El sistema de caza de brujas requería que las propias víctimas hicieran su contribución, acataran el
veredicto y reforzaran la creencia mágico-religiosa. Si los acusados de brujería y de trato con Satán tuvieran
el suficiente poder social para eludir de manera eficaz la condena y poner en un brete a los inquisidores,
entonces la caza de brujas, privada de su eficacia represora, se extinguiría, como de hecho ocurrió
finalmente. La tortura es un mecanismo eficaz en manos de quienes de hecho detentan mucho más poder
que la víctima, «para que la verdad pueda salir de tu boca», se dice en el Martillo de las brujas. Refuerza
al juez que tortura porque le depara la ventaja de la confesión que la acusada hace de haber volado en
realidad por los aires al aquelarre, de haber yacido con el demonio, de haber participado en las misas negras
sacrílegas y de todo lo que fuera preciso para satisfacer las expectativas de los inquisidores y su insaciable
curiosidad por los detalles más escabrosos, libidinosos y excitantes del trato carnal con el Príncipe del mal,
así como la delación de otras sospechosas, lo cual prolongaba de manera interminable la cadena de las
condenas y mantenía vivo el sistema criminal. Si no confiesan, se tortura de nuevo. Los jueces e
inquisidores vivirían como un fracaso que alguna condenada resultara inocente, una vez encadenada y
torturada, será bruja por las buenas o por las malas, de acuerdo con la regla «cara, yo gano; cruz, tú
pierdes». El inquisidor nunca puede estar en un error, y la víctima nunca puede tener razón. La confesión y
la delación refuerzan también a la víctima por su confesión, porque con ellas se libra del tormento del hierro
candente o del potro, tan crueles e insoportables, que hacían preferible incluso la muerte en la hoguera
directamente o conducían al suicidio en la celda para poder escapar al horror de la tortura. La muerte,
después de un peregrinaje de torturas sin fin, era un reforzador poderoso y apetecido porque ponía fin a
tanto tormento.

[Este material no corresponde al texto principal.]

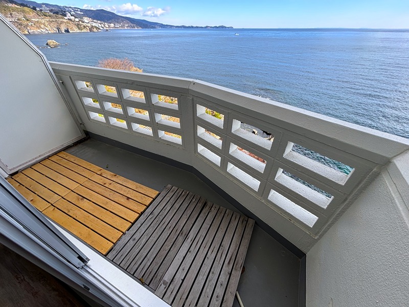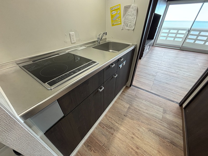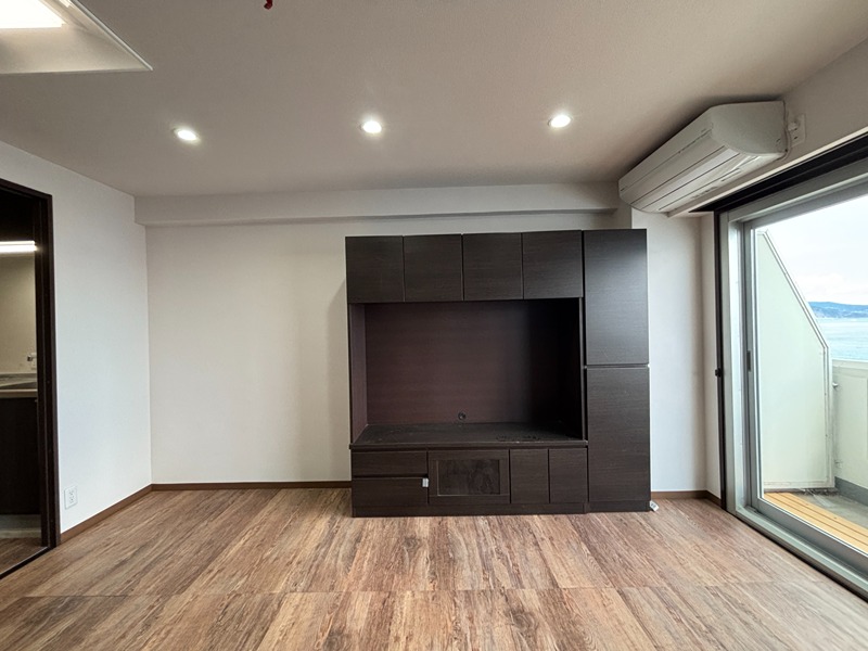 海際に建つ大型リゾートマンション「シャトーテル赤根崎」から、海一望東向き洋室ワンルームタイプが賃貸で登場。シックなブラウンのフローリングに造作棚。グレー色の

Thomas Ady, un crítico de la caza de brujas, en su libro A candel in the dark, escrito en
1655, denunciaba así esta perversidad:
«Que vaya cualquiera que sea inteligente y esté libre de prejuicios y oiga las confesiones que con
tanta frecuencia se alegan; podrá ver con cuántos engaños y seducciones, con qué perversidad y
mentiras, con qué descarada falta de escrúpulos se arrancan tales confesiones a los pobres
inocentes y cuántas cosas se añaden y exageran para hacer más creíble y verosímil aquello que no
es más que una sarta de falsedades».
8
El poder de las palabras
Obras son amores, que no buenas razones, que no bellas palabras, obras que dejan huella en el mundo
que, a su vez, deja huella en las obras y en la biografía. Las palabras sin obras y sin huellas son palabras
vacías, logomaquias. Pero las palabras también son obras, acciones verbales, conducta verbal que está
omnipresente en todos los ámbitos de la vida y tienen en la comunicación interpersonal y en la vida una
trascendencia enorme. Es verdad que a veces las palabras se desgastan, también las palabras del amor, y
entonces ese desgaste puede convertirse, como para el poeta, en un lamento, el lamento de alguien para
quien decir u oír «amor mío» significaba mucho, hacía que pasaran muchas cosas, y ahora ya no significa
nada, «ya no pasa absolutamente nada» al decirlo, o, como dijo Quevedo en una de sus cartas, «hay
muchas cosas que pareciendo que existen y tienen ser, ya no son nada sino un vocablo». Pero mientras
las palabras no se desgastan, pueden tener mucho significado, pueden conformar un relato, una historia, una
gran obra literaria, pueden hacer que pasen muchas cosas importantes para uno mismo y para los demás,
pueden ser incluso como «cuchillos afilados», pueden herir y pueden apaciguar, pueden advertir del peligro
y prevenirlo y pueden llevar a la perdición, pueden desencadenar una tormenta, como la reacción de X en la
tertulia de la Introducción, y pueden traer la calma, pueden guiar la conducta o pueden extraviar, angustiar y
confundir cuando son voces amenazantes que se dicen oír o cuando son palabras que uno se dice a sí mismo
anticipando que «por mucho que lo intente, jamás lo voy a conseguir».